In April this year, al-Zawahiri, released a video in which he spoke of the hijab controversy in India and asked Muslims in the subcontinent to fight the perceived assault on Islam “intellectually, using the media and with weapons on the battlefield”.

Zawahiri’s reference to a contemporary issue confirmed that he was alive, contrary to suggestions that he had died of natural causes in 2020. Al-Qaeda had issued videos even after unconfirmed reports of his death, but in all of them al-Zawahiri had spoken only about historical conflicts and ideological issues, casting a doubt on whether the videos were shot in the present time.

In the almost nine-minute video released in April by al-Qaeda mouthpiece as-Sahab media, Zawahiri showered praise on Muskan Khan, the Karnataka student who raised slogans of Allah-hu-Akbar after being heckled by a right-wing Hindu mob shouting slogans of “Jai Shri Ram” in February 2022. Al-Zawahiri said that her “defiant slogan of takbeer” as she challenged “a mob of Hindu polytheists” had “emboldened the spirit of Jihad” and had reawakened the Muslim community.

The video started with a clip of Khan taking on the mob, followed by al-Zawahiri’s address. “She has unveiled the reality and unmasked the nature of the conflict between the chaste and pure Muslim Ummah and the degenerate and depraved polytheist and atheist enemies it confronts… May Allah reward her greatly for imparting a practical lesson to Muslim sisters plagued by an inferiority complex vis a vis the decadent Western World. May Allah reward her for exposing the reality of Hindu India and the deception of its pagan democracy,” Zawahiri said.

He said Khan’s video had inspired him to write a poem that he recited at the end of the video. “Her takbeer inspired me to write a few lines of poetry, in spite of the fact that I am not a poet. I hope that our honourable sister accepts this gift of words from me,” Zawahiri said.

9/11: Al-Zawahiri’s greatest moment

Born into a well-connected upper middle-class family from suburban Cairo, al-Zawahiri was an intellectual rather than a fighter. He is said to have excelled as a student, been drawn to poetry, and hated organised sports, seeing them as “inhumane”.

Drawn to the teachings of the Islamist ideologue Syed Qutb as a teenager, al-Zawahiri joined the Muslim Brotherhood when he was just 14. Qutb, whose works ‘Milestones’ and ‘In the shade of the Quran’ are foundational texts for the global Islamist movement, was executed in 1966.

In the years that followed, al-Zawahiri would train as a doctor and specialise as a surgeon. He married Cairo university philosophy student Azza Nowari in 1978; their wedding, held at the Continental Hotel, attracted attention in the liberal Cairo of the times: the men were segregated from the women, and photographers and musicians were kept away.

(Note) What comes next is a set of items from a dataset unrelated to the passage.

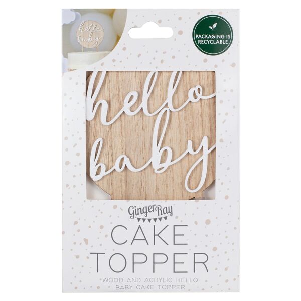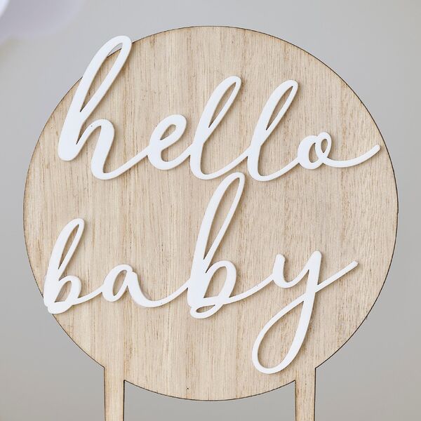The topper features a round wooden base & spikes with white acrylic 'Hello Baby' slogan.
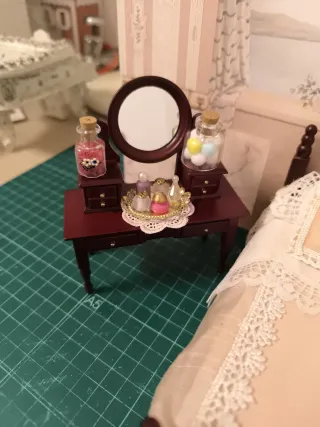 Set di mobili in miniatura per casa delle bambole. Include: letto matrimoniale con baldacchino, toeletta con specchio e accessori, specchio a terra, tappeto decorativo, cornice decorativa, vasi da fiori piccoli.
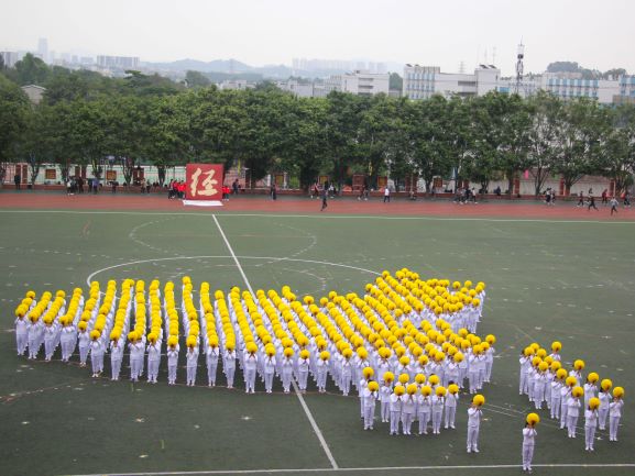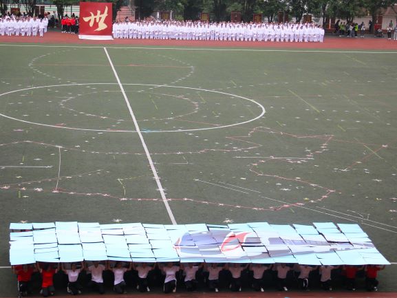 450人跑动成中国地图,首先呈现人浪的效果,接着地图从西部开始变黄,寓意祖国发展不忘西部,往后西部将是红色一片的繁荣,与祖国共同步入新纪元。
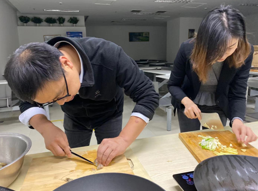 小伙伴们大显身手,个个展露出精湛的厨艺。烹饪大师主勺、厨艺新人搭手,在相互配合中,一道道色香味美俱全的可口佳肴新鲜出炉,金汤肥牛、椒麻鸡、糖酥里脊、香辣虾4道香嫩可口的家常菜让人直咽口水,同事们争相品尝分享。
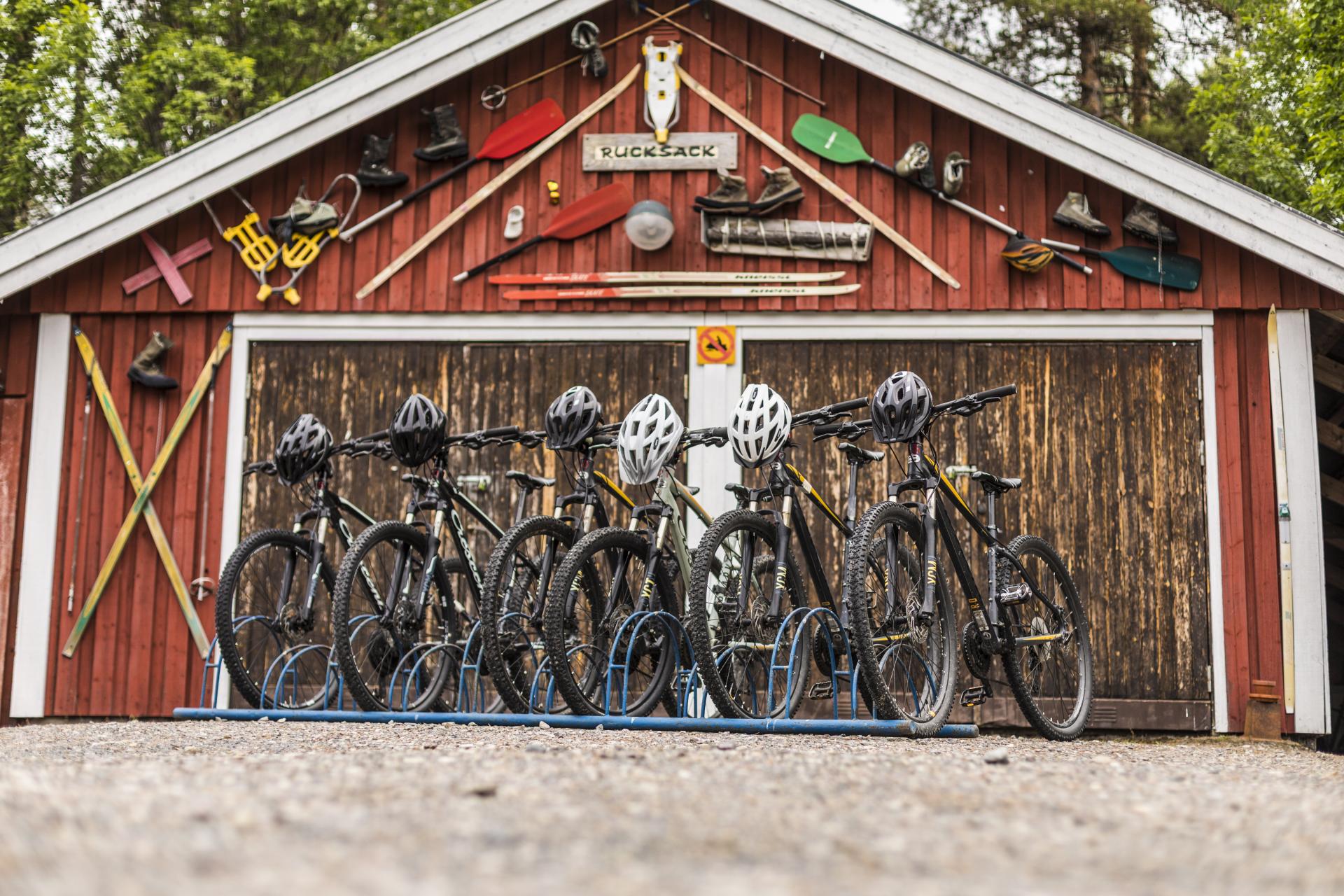 Für Fahrradtouren stehen solide All-Terrain und Mountain Bikes in verschiedenen Rahmengrößen zur Verfügung. Die Radtour zum Njupeskär, dem höchsten Wasserfall Schwedens im Fulufjäll Nationalpark ist ein Highlight, das man nicht versäumen sollte. Von der Hochebene oberhalb des Wasserfalls hat man fantastische Ausblicke über die weiten Täler und Wälder der Provinz. Wer es sportlicher möchte, erkundet mit dem Guide auf einer Mountain-Bike-Runde den Trail vorbei am See Burusjön und den Stromschnellen am Klingforsen.
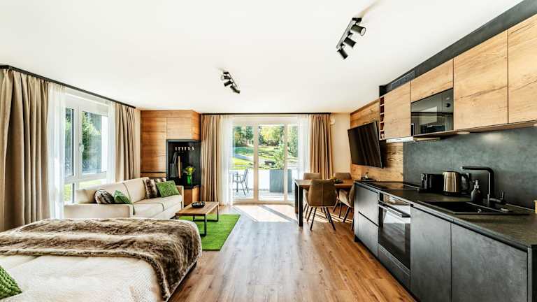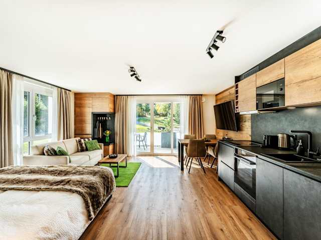 Das Apartment ist ausgestattet mit einem Schlafzimmer und einem Badezimmer. Es verfügt über Bettwäsche, Handtücher, einen Flachbild-TV sowie einen Essbereich. Eine voll ausgestattete Küche ist ebenfalls vorhanden. Eine Terrasse mit Gartenblick ergänzt die Annehmlichkeiten der Unterkunft. Die Zimmer sind schallisoliert und bieten Heizung sowie Zugang über einen Aufzug.
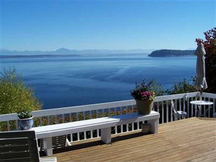 Amazing Views from this Sandy Point high bank waterfront home. 2db/2bth (2; 3/4 & 1; 1/2), also a large den/guest room. Hardwood Floors. This property has been exquisitely updated in & out. Open flr plan that maximizes views of Saratoga Passage, Hat Island, Camano Island, Mt. Baker, Cascades. Watch boats & whales from your large entertaining deck. Quiet & quaint neighborhood, 2 miles from the charm of Downtown Langley. 105+/-ft of Waterfront. Shop w/ a sink under the deck. Deeded Beach Access.
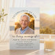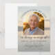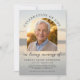 Beautiful sunset memorial photo card features easy personalization options for your loved one's picture in a modern arch frame, as well as name, date of birth/death, and celebration of life memorial details on a soft golden sunset background.
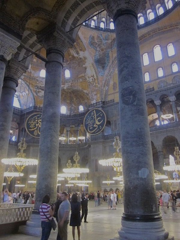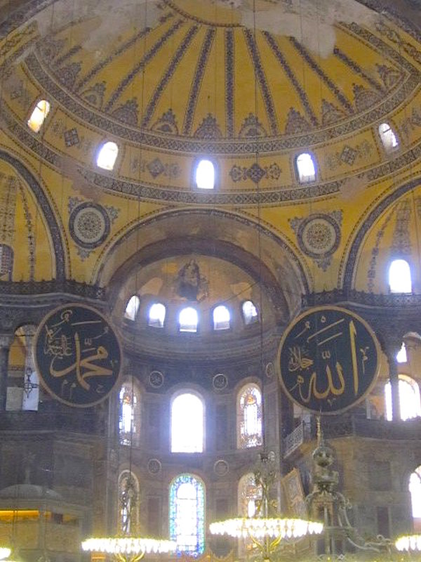 Baha told me that much of the glass in the Ayasofya (and I believe also the Blue Mosque) is recycled, though he did not detail the source. The photo at lower right shows windows behind a Christian-made mosaic of the Virgin and Child dating to the 9th century. I try to do the building justice with my camera but the light is wrong and I cannot capture the depth of the details. I resort to drinking as much in with my eyes as I can.

Following the assassination of Egyptian President Anwar Sadat in 1981, al-Zawahiri was among hundreds arrested and tortured. Released after three years in prison, he fled the country, and began practising medicine in Saudi Arabia. There, he came into contact with Osama bin Laden. He first travelled to visit bin Laden-funded jihad facilities in Pakistan in 1985, a relationship that would slowly mature until 2001, when the Egyptian Islamic Jihad formally merged with al-Qaeda.

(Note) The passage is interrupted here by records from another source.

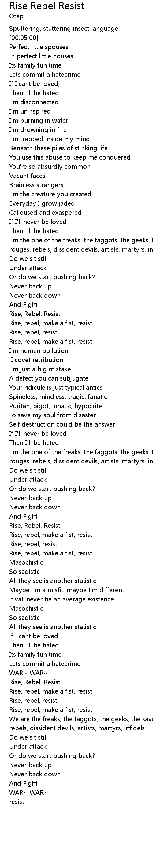 | [03:31:00] | Rise, rebel, make a fist, resist |
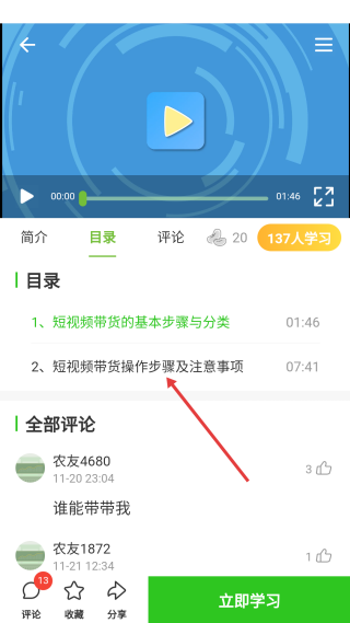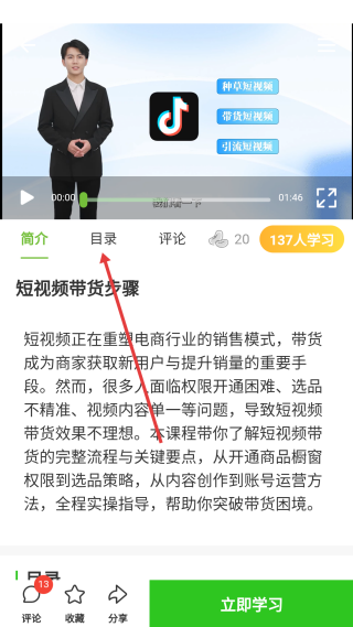 2、在课堂页,选择【短视频带货步骤】课程,进入该课程的详情介绍页面。
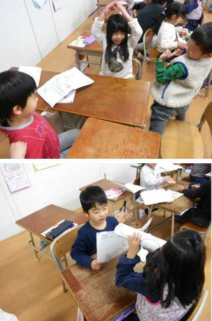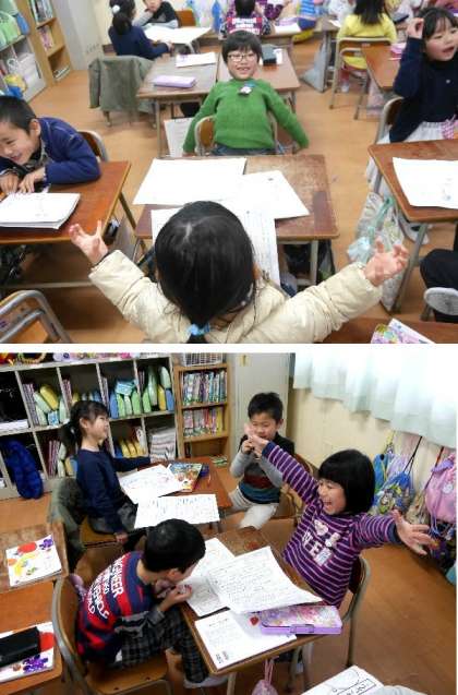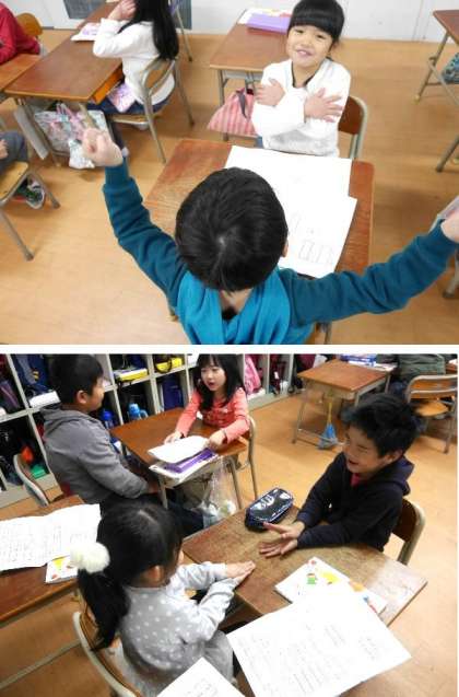 1年生の国語では、新しいじゃんけんを考えて、友だちに説明して、一緒に遊んで楽しみます。まずは、近くの友だちと自分の考えたじゃんけんをして、一緒に遊びました。とっても楽しそうです。いろんなポーズがあっていい顔していますね。
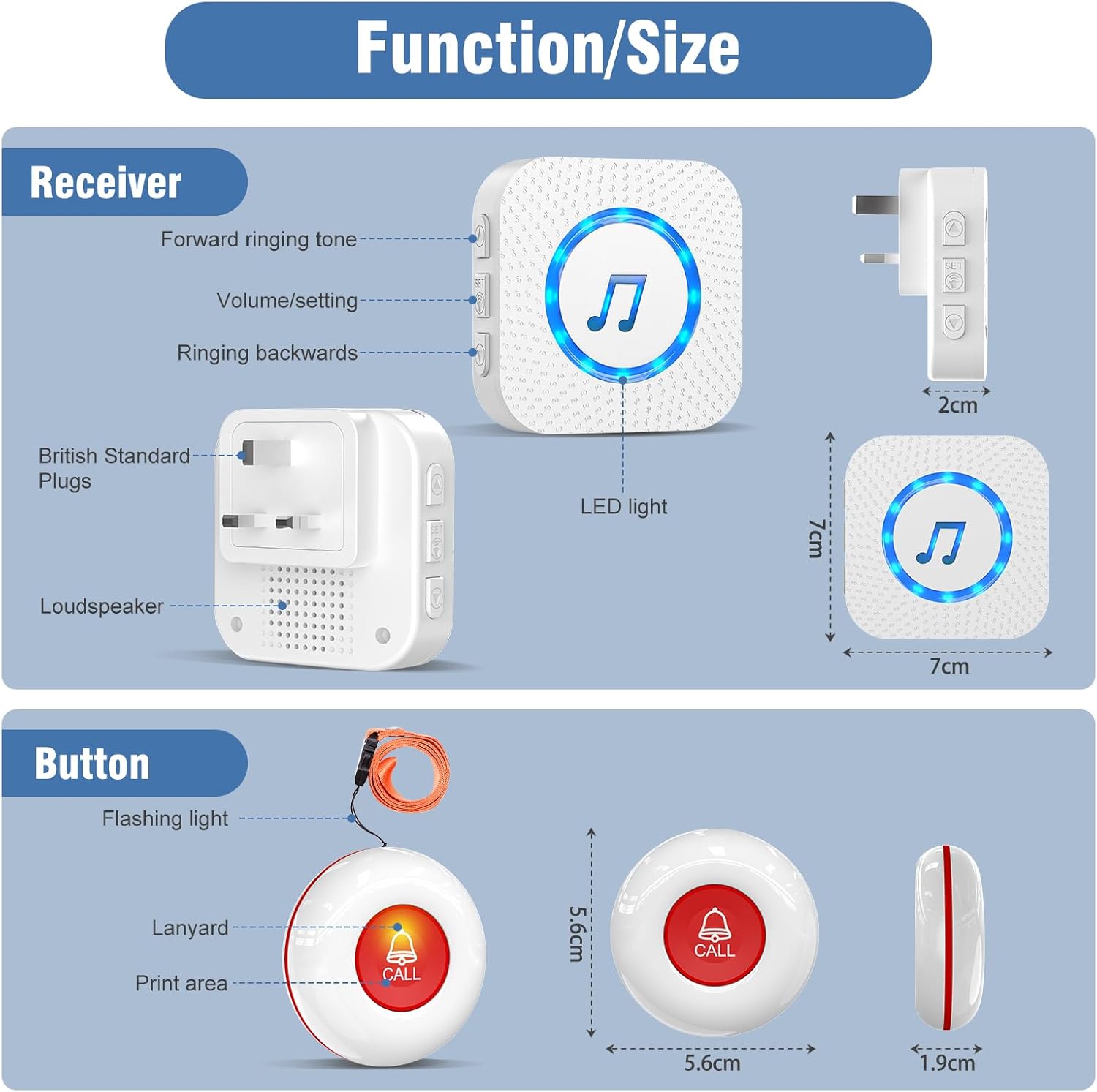 EASY SET UP: Easy use by plug the receiver into an electrical outlet, Even with limited function in the hands, a person will be able to press the call bell button to ask for help. The call button unit is splash proof and can be affixed on the bathroom wall. The receiver can be paired up to 50 help buttons/the sos button aslo can be paired up to 20 receivers. Can be used anywhere you need.

The two men became inseparable: the intellectual, serious al-Zawahiri providing the perfect foil to the enthusiastic but politically immature bin Laden. Both men helped plan 9/11; it was to be al-Qaeda’s greatest moment: a spectacular gesture that would precipitate a civilisational cataclysm between Islam and the west, and signal that the power of the United States was illusory.